§ Activity: Among the entries that follow, find every line with the word "Ares" and list it.

(Collected data)
....
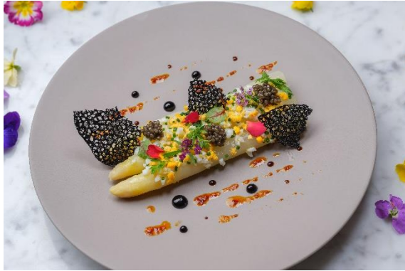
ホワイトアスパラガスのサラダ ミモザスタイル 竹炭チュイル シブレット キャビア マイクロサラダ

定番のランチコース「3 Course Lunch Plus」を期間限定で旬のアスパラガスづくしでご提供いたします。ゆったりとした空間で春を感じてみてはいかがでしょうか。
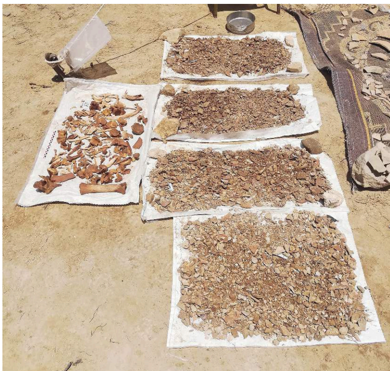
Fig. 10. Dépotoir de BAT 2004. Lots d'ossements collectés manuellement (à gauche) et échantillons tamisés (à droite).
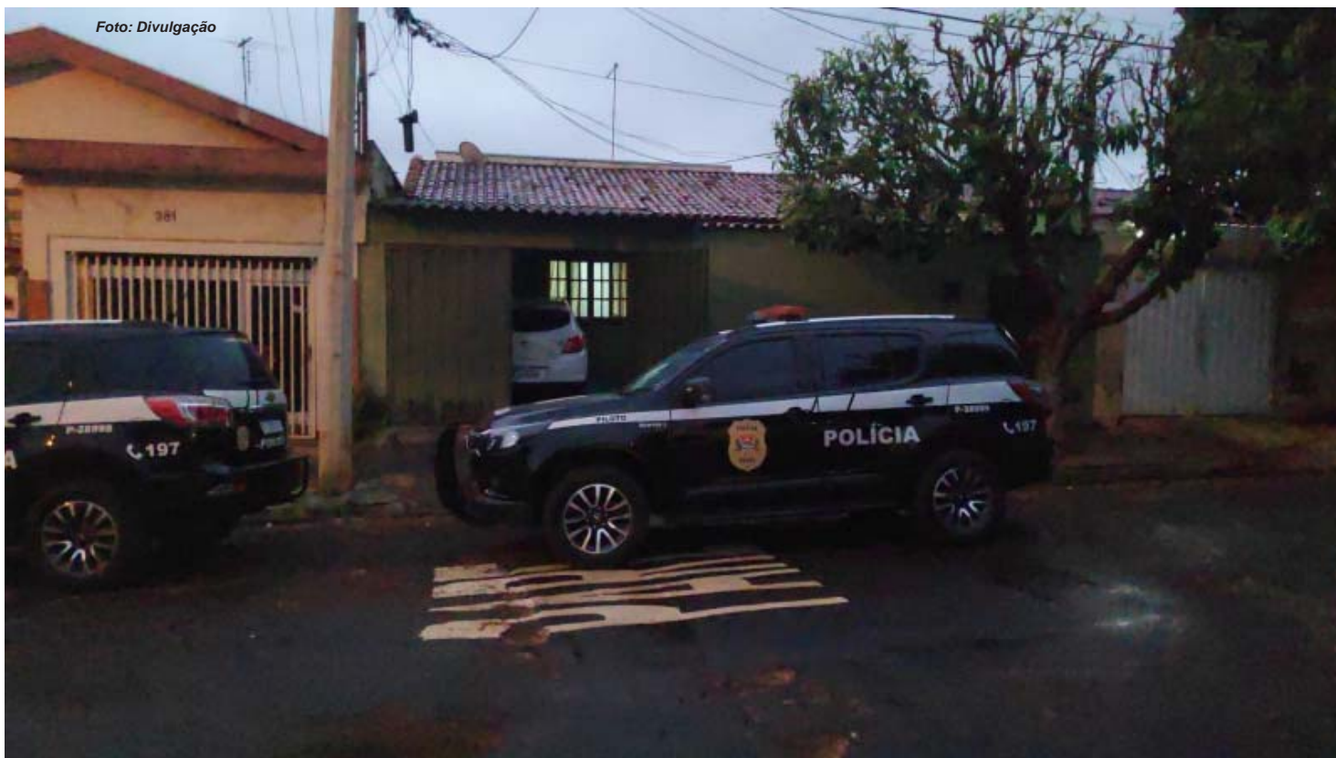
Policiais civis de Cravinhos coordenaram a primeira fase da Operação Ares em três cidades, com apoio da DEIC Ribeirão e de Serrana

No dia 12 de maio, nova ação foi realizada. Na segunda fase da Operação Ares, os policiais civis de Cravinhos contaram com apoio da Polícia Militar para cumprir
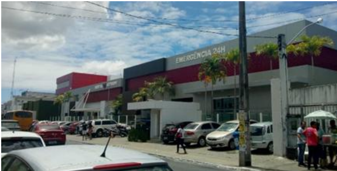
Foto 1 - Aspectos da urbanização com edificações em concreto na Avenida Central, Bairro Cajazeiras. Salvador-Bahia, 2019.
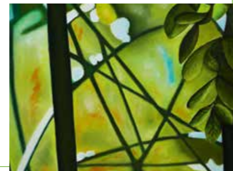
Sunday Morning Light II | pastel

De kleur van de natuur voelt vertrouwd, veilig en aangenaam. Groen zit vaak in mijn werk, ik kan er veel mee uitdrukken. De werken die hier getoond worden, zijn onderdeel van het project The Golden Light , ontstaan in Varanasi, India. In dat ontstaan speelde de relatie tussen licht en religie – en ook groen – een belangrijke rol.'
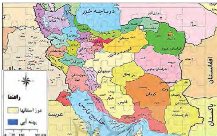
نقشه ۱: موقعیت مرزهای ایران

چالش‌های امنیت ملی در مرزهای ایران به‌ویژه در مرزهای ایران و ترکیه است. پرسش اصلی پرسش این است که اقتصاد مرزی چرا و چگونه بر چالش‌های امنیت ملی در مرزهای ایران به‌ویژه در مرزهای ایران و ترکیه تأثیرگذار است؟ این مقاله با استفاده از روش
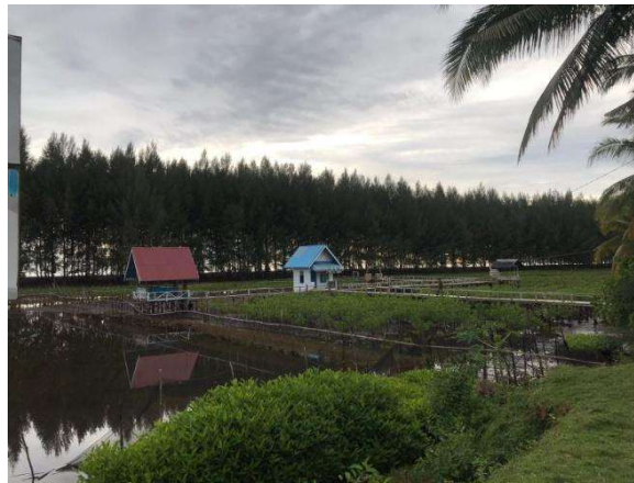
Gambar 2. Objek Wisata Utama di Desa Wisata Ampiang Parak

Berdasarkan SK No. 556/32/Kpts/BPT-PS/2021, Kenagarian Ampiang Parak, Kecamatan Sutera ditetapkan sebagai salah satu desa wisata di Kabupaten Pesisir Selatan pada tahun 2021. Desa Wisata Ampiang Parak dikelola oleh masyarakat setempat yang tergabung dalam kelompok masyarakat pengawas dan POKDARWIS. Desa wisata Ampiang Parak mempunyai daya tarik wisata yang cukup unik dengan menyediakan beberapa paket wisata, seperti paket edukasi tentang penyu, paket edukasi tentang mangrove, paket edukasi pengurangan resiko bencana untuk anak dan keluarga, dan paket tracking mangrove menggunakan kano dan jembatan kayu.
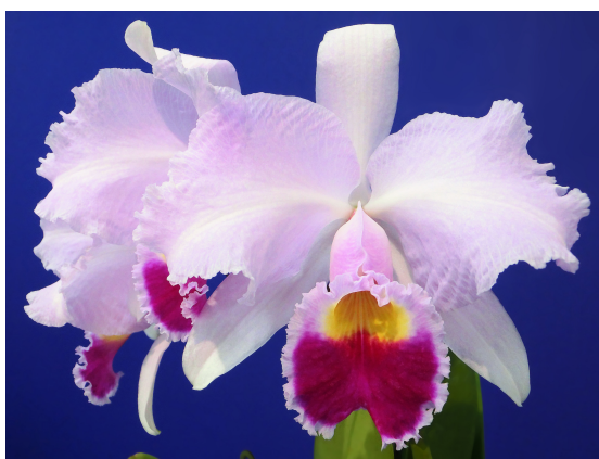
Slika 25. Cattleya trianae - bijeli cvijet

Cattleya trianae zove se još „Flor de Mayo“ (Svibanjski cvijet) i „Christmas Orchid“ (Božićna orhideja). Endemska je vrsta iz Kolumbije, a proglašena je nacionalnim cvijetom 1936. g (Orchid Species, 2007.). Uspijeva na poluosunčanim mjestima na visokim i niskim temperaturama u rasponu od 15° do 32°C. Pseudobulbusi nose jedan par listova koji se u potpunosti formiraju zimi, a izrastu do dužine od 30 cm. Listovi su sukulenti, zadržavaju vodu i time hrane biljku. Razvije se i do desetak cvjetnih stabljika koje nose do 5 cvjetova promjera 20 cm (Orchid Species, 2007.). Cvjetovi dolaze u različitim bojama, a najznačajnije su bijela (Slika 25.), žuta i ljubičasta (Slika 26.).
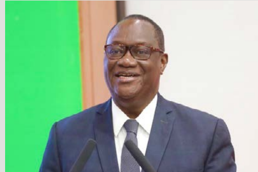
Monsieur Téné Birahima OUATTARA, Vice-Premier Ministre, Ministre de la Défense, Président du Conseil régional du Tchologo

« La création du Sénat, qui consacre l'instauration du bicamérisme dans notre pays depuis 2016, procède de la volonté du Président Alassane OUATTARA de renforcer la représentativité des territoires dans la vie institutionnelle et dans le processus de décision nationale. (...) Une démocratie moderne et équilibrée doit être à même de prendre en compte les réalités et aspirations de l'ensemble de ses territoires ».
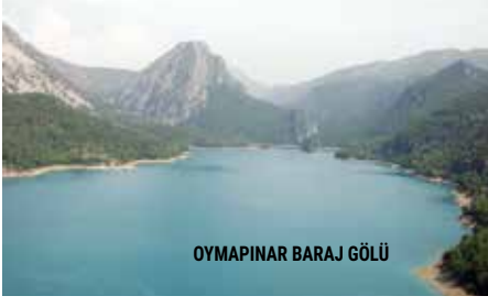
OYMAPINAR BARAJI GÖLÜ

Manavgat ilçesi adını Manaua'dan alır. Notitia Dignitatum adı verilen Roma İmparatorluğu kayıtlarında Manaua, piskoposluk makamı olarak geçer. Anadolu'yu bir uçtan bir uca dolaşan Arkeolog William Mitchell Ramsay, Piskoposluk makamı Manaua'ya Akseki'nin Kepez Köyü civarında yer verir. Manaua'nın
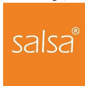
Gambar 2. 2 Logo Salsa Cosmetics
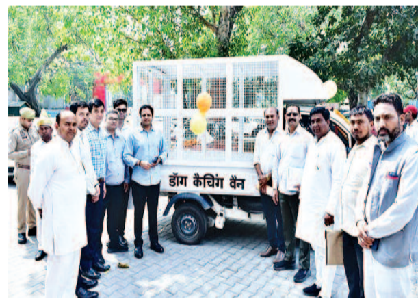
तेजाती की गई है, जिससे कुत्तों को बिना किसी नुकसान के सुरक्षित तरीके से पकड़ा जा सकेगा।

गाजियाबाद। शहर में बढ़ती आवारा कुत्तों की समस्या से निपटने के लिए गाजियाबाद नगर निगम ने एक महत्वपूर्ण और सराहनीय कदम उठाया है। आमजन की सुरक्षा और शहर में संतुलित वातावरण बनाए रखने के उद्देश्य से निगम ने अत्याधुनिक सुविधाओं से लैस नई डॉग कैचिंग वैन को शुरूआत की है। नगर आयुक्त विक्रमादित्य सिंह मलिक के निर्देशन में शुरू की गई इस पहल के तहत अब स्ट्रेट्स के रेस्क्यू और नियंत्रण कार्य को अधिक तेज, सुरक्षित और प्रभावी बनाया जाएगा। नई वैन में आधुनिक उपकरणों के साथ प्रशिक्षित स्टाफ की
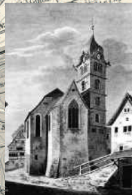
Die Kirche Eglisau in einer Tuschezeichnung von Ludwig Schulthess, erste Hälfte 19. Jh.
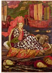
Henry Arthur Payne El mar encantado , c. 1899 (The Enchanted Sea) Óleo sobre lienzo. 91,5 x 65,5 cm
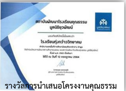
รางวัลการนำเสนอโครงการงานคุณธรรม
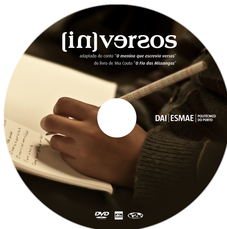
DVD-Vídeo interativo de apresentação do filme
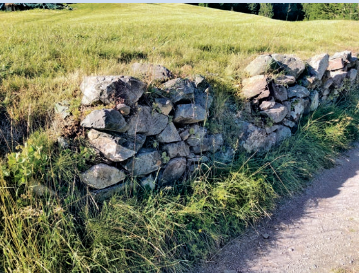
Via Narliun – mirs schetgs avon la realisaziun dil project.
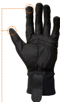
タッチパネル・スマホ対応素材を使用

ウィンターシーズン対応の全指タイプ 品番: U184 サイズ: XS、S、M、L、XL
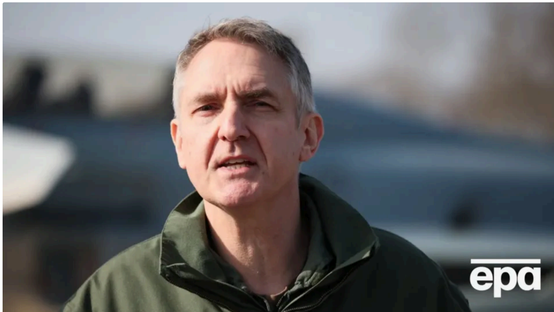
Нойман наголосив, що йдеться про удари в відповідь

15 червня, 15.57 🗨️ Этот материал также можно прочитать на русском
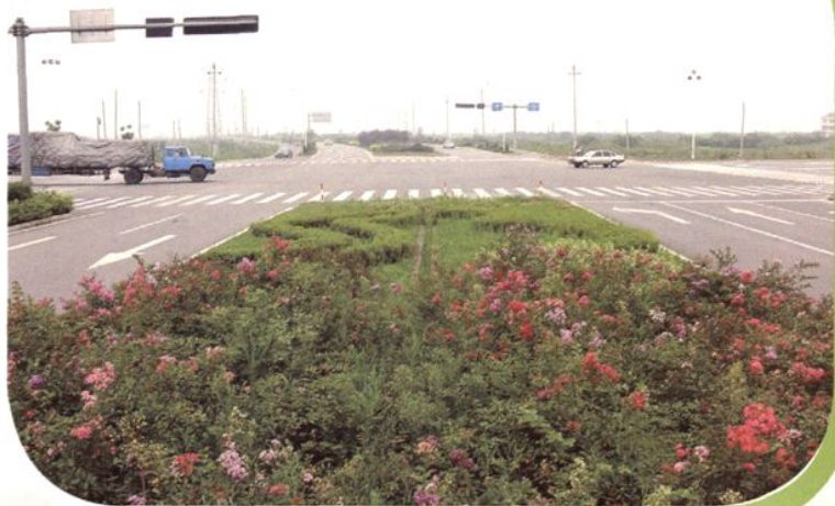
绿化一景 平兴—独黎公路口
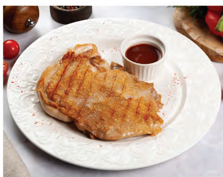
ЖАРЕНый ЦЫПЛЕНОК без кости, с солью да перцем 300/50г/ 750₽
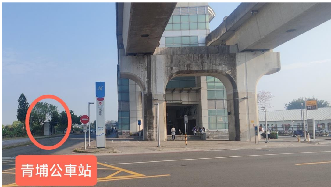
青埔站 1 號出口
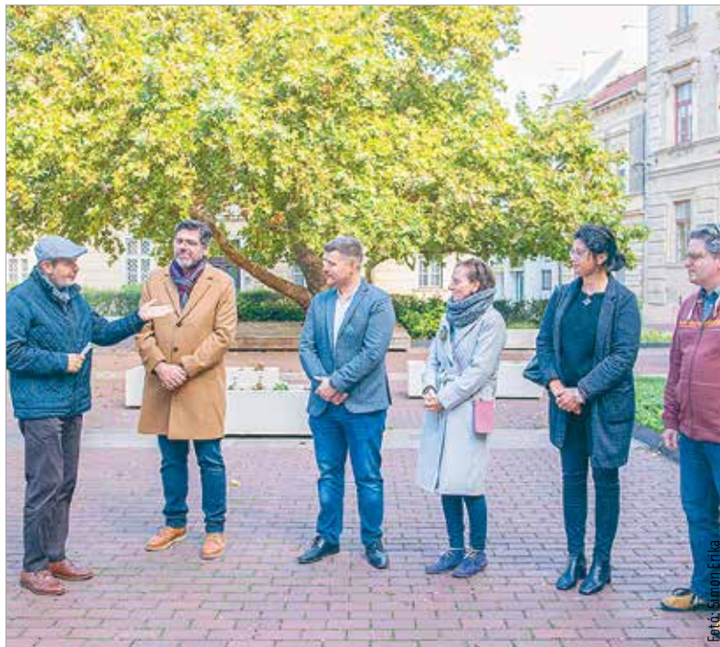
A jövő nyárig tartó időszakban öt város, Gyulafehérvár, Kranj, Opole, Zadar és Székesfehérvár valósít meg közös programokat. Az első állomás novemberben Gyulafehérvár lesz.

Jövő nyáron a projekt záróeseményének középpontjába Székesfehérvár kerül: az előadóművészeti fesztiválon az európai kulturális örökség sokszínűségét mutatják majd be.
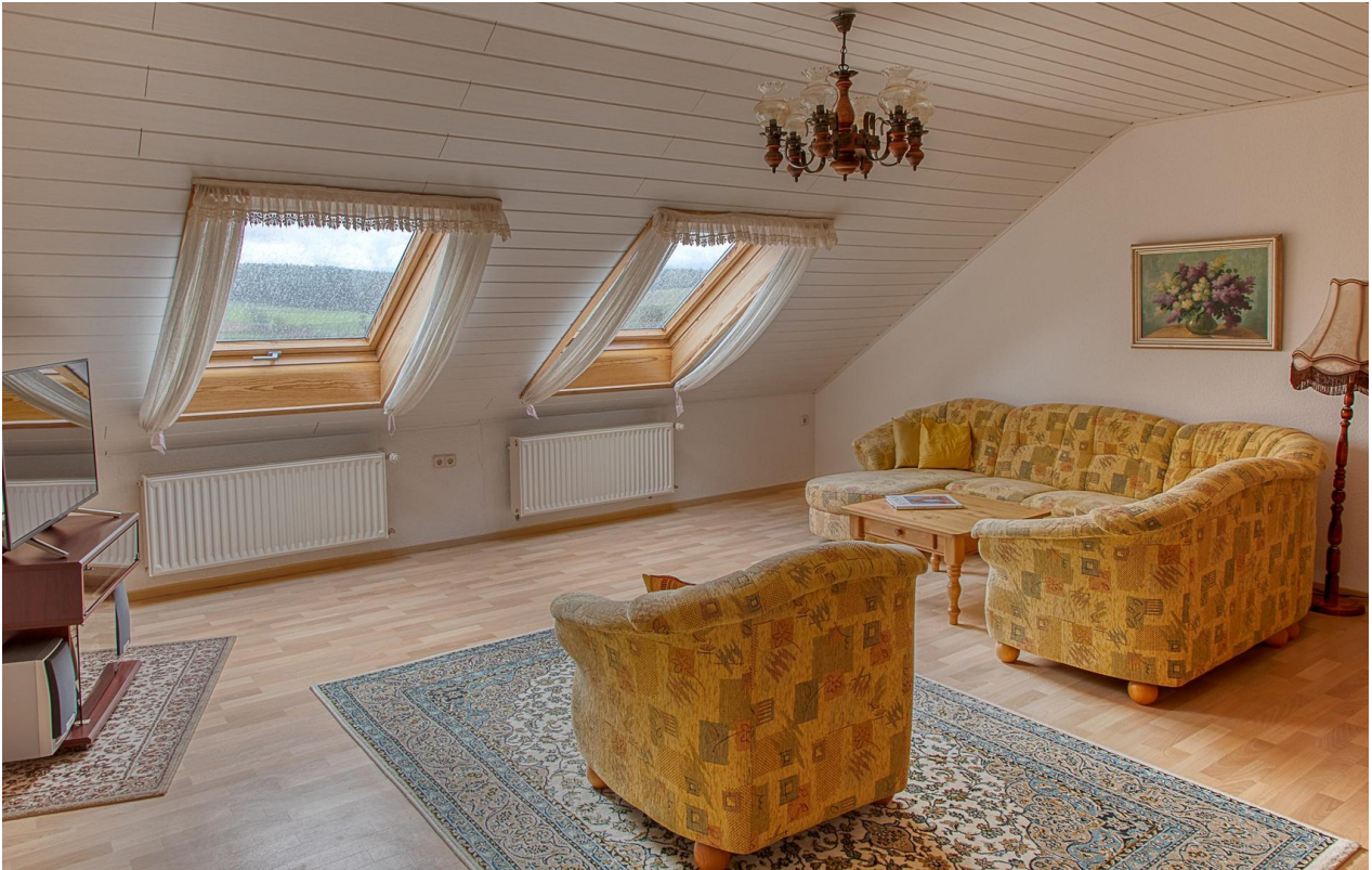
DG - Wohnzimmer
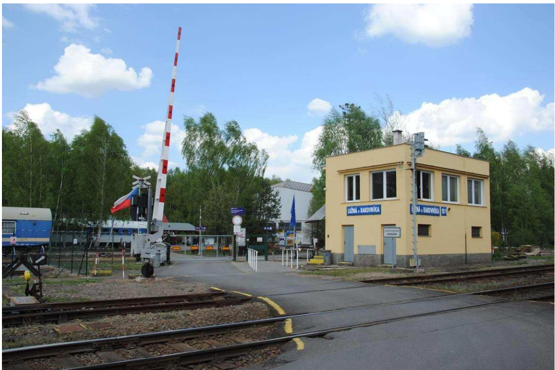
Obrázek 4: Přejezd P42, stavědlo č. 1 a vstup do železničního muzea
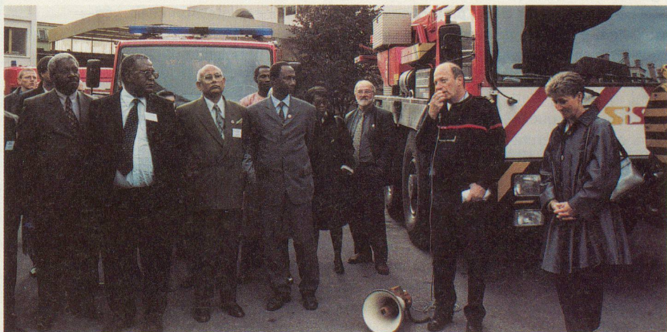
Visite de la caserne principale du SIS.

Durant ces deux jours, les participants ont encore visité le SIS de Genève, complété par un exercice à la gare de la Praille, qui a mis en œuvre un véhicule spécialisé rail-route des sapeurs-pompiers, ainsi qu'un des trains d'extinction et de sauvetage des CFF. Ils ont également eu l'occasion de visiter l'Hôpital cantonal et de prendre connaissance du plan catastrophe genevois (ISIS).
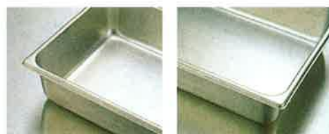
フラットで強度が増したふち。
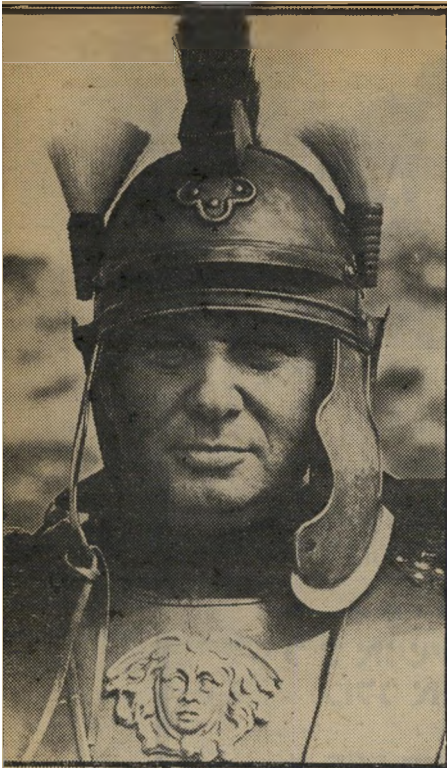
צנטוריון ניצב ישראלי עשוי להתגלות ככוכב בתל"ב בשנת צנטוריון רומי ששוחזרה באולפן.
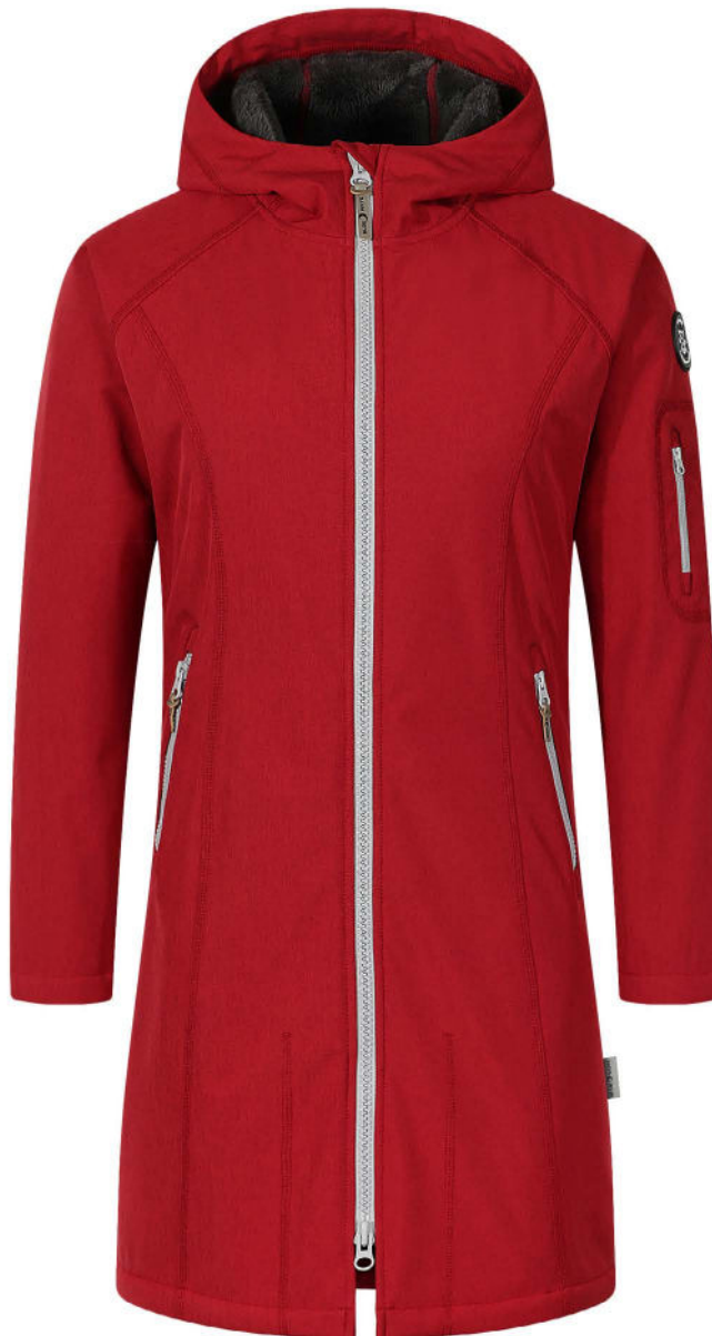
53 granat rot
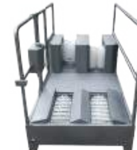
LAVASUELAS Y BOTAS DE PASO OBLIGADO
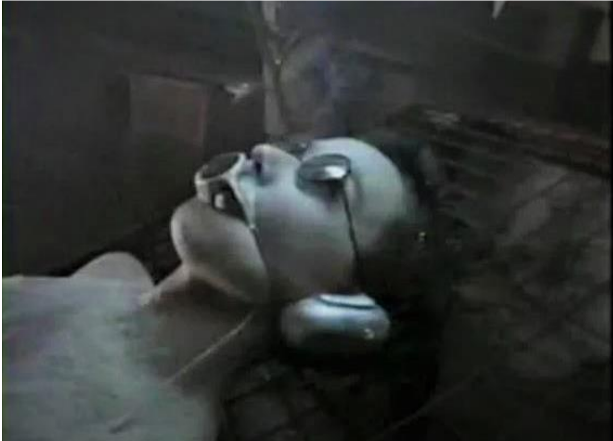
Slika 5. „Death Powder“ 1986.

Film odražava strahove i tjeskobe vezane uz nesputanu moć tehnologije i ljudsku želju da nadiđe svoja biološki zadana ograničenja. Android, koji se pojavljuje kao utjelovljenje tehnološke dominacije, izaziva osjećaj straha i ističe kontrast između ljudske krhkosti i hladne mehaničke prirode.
....
§ Answer box:
Policiais civis de Cravinhos coordenaram a primeira fase da Operação Ares em três cidades, com apoio da DEIC Ribeirão e de Serrana
No dia 12 de maio, nova ação foi realizada. Na segunda fase da Operação Ares, os policiais civis de Cravinhos contaram com apoio da Polícia Militar para cumprir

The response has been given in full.